Member of the Uttar Pradesh Legislative Assembly
- In office 1991–1993
- Constituency: Sakit Assembly constituency
- In office 1993–1996
- In office 2002–2007
- In office 2007–2012

Personal details
- Born: 2 January 1939 (age 87) Khiria Patti village, Etah district
- Party: Bharatiya Janata Party
- Other political affiliations: Samajwadi Party
- Spouse: Nirmala Shakya
- Parent: Pyare Lal Shakya (father)

= Suraj Singh Shakya =

Former minister of State in Government of Uttar Pradesh

Suraj Singh Shakya was an Indian politician and a member of Uttar Pradesh Legislative Assembly, who was elected to 12th Uttar Pradesh Legislative Assembly as a candidate of Bharatiya Janata Party. He was elected to Uttar Pradesh Legislative Assembly from Sakit Assembly constituency of Etah district of Uttar Pradesh. He also served as Minister of State for Cooperatives in Government of Uttar Pradesh during 1991–92. Shakya has served as M.L.A for four terms. He was first elected in 1991 and was subsequently re-elected in 1993 elections. After his second term, there was a gap and his third term came in 2002, which was followed by his victory in 2007 Assembly elections as well. Besides Bharatiya Janata Party, he has also represented Samajwadi Party in Uttar Pradesh Assembly.

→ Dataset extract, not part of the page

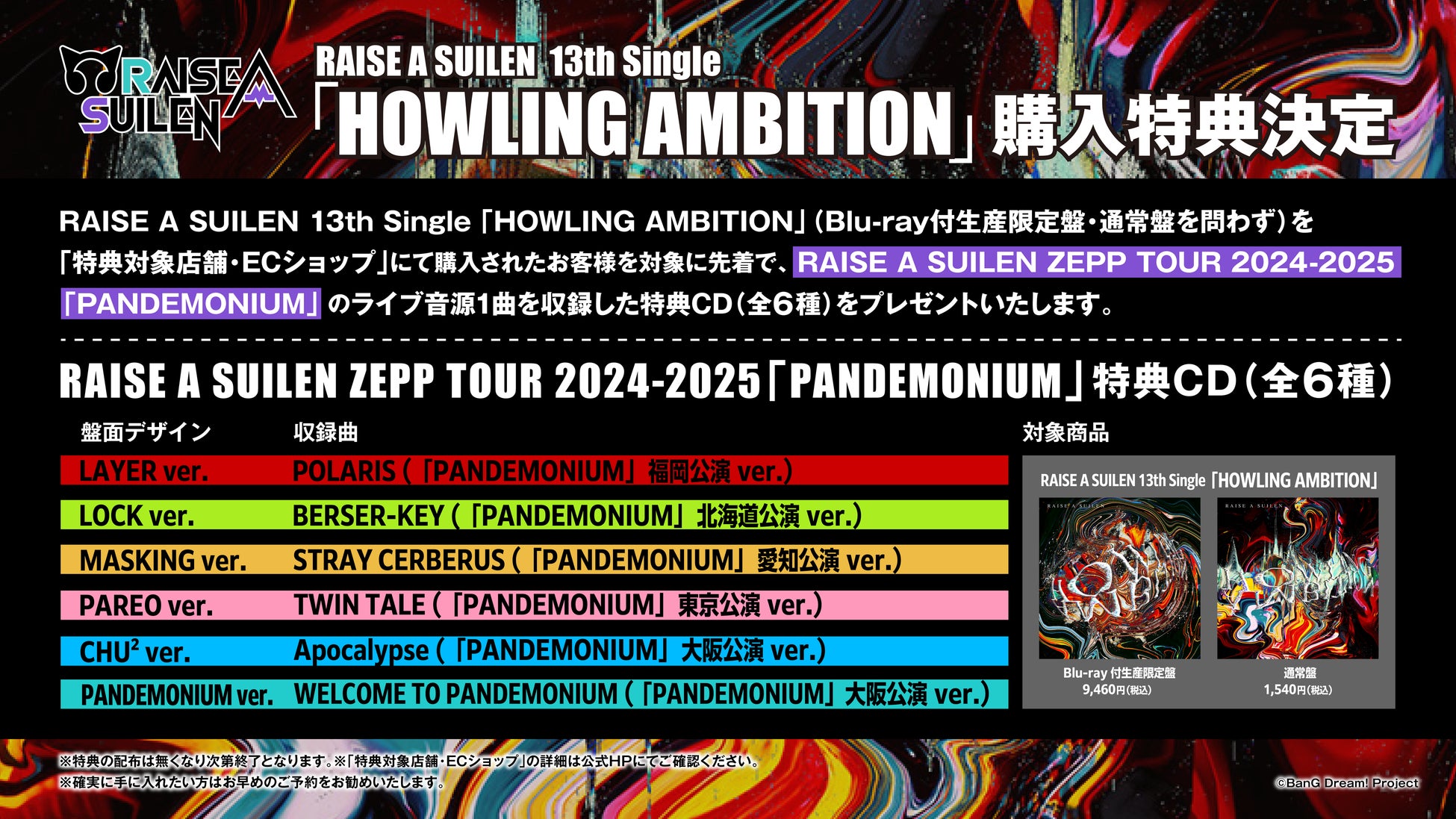 「特典対象店舗・ECショップ」にて購入されたお客様を対象に先着で、RAISE A SUILEN ZEPP TOUR 2024-2025「PANDEMONIUM」のライブ音源1曲を収録した「特典CD」1枚(全6種)をプレゼントいたします。

==Life and political career==
Suraj Singh Shakya was born to Pyare Lal Shakya, a former member of Uttar Pradesh Legislative Assembly in Khiria Patti village of Etah district of Uttar Pradesh. As per his candidate affidavit submitted to Election Commission of India, he identifies himself to be a member of Other Backward Class Shakya caste. He completed his master's degree in Arts, Commerce and thereafter completed his law course, before getting diploma in cooperation. On 20 May 1964, he was married to Nirmala Shakya. They had three sons and a daughter from the marriage.

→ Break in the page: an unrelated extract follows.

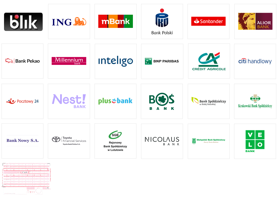 Wszystkie metody płatności realizowane są za pośrednictwem automatycznych płatności Autopay (dawniej Blue Media).
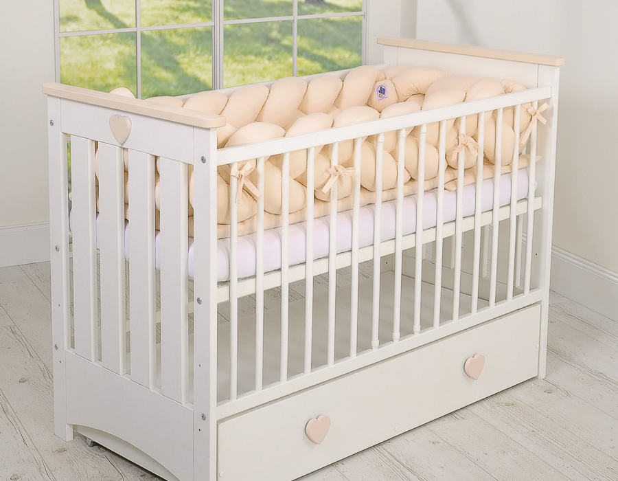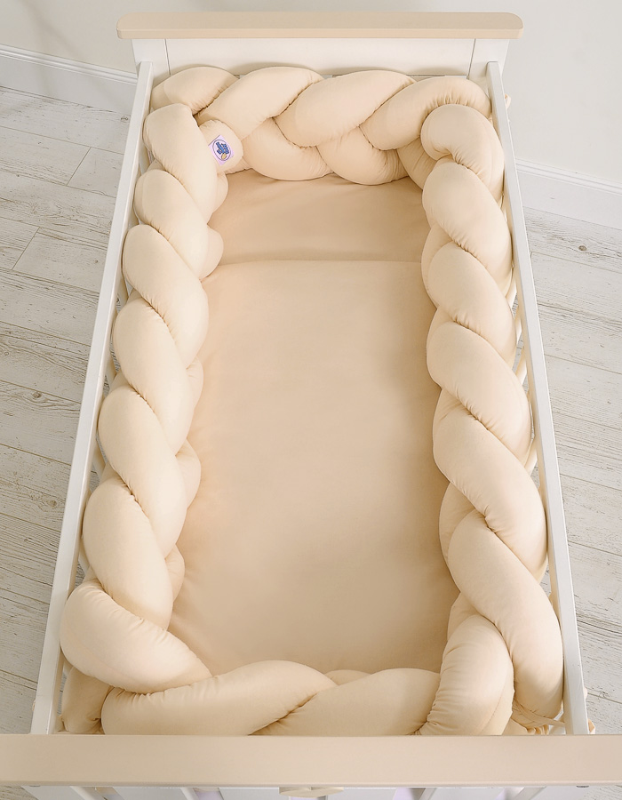 Beautiful, very soft braided cot bumper made from 100% cotton. Can be fixed to the bars.

His first electoral victory came in year 1991, which was followed by his second victory in 1993 on the ticket of Bharatiya Janata Party. From July 1991 to December 1992, he also served as Minister of State for Cooperatives in Kalyan Singh ministry. He participated in 'Ram Janmbhoomi movement' and in the context of his activism during this movement, he was imprisoned twice at Mainpuri and Delhi. From 1961 to 1985, he also served as Senior Auditor in Uttar Pradesh Cooperative Audit Organization. He is the founder of Little Angels school in Agra.

Shakya's third stint as a Member of the Uttar Pradesh Legislative Assembly came in the year 2002, and he served as M.L.A. from 2002-2007. He was elected this time on the ticket of Samajwadi Party. In the year 2003, he was again made a minister in Mulayam Singh Yadav government. His last term in Uttar Pradesh Legislative Assembly was from 2007-2012. He defeated Neeraj Kishore of Bahujan Samaj Party in his last assembly election.

In 2019, he contested the Lok Sabha elections on the ticket of Jan Adhikar Party of Babu Singh Kushwaha, but lost badly to Rajveer Singh, son of former Uttar Pradesh Chief Minister Kalyan Singh.